The tile-based algorithm, which my friend Molly has codenamed übersmüsh (USM for short), performs surprisingly well. It's not comparable to JPEG, which is a very sophisticated format layering many levels of clever tricks to get an encoding as compact as possible, but it does much better than I would have expected. Using 4x4 tiles to compress a 512x512 version the classic Lenna image, I was able to generate something visually quite similar to the original by supplying only 610 tiles of source pixel data, out of 16384. This means that only 3.7% of the tiles in the compressed image come from the source image, the rest are all backreferences to x/y regions of the compressed image. I allowed backreferences to rescale the color values of the tiles being referenced for additional flexibility, which makes for a much smaller tile use.

The original
The original
Compressed output
Compressed output
Source tiles highlighted
Source tiles highlighted

There are some issues, such as the fact that we probably use too few tiles for the background and too many in some detailed regions. This can probably be improved by tweaking or replacing the heuristic deciding when to use source tiles or backreferences. I can think of several other ideas to improve on the algorithm as a whole:

Some important weaknesses right now might be the difficulty of encoding the tile reference table compactly. The code I wrote is also unoptimized and very slow. It's a brute-force search that looks at all possible previous pixel coordinates to find the most-resembling 4x4 tile in what has yet been compressed. This currently takes over an hour on my Code 2 Quad. The algorithm could probably be made much faster with a few simple tweaks to reduce the candidate set size. For example, the tiles could be sorted or hashed based on some metric, and only a few candidate tiles examined, instead of hundreds of thousands. The source code is written in D. It's not the cleanest, but if there's interest I might just clean it up and make it available.

Happy new year to all :)

Edit: Challenge Accepted

A friend suggested I try übersmüsh on a different kind of image: a screenshot of Facebook containing text and large flat areas.
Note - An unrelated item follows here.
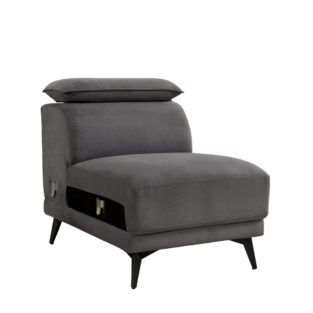Enjoy modern comfort and clean, contemporary style with this compact armless chair. Designed for everyday relaxation, it combines a plush tight-back cushion, padded pillow armrest, and adjustable headrest for personalized support — all on sleek steel legs that add durability and a refined silhouette.

I was curious to see how well it would do, and so I accepted his challenge. I quickly hacked the algorithm to look for matches in restricted size windows (close in position to the current tile). This probably reduces its effectiveness somewhat, but was needed to get a reasonable execution time (minutes instead of multiple hours).

Source image
Source image
Compressed output
Compressed output
Source tiles highlighted
Source tiles highlighted

A total of 3354 source tiles was used out of 49000 tiles total, which is about 6.8% of the source image data. Predictably, the algorithm does very well in flat areas. There is some amount of reuse in text, but this could be better if I hadn't reduced the search window size, and instead implemented a better search heuristic. Some of the ad pictures, namely the ones in the bottom-right corner, show very poor reuse, probably because my mean-squared-error heuristic is a poor approximation of what error is visually perceptible.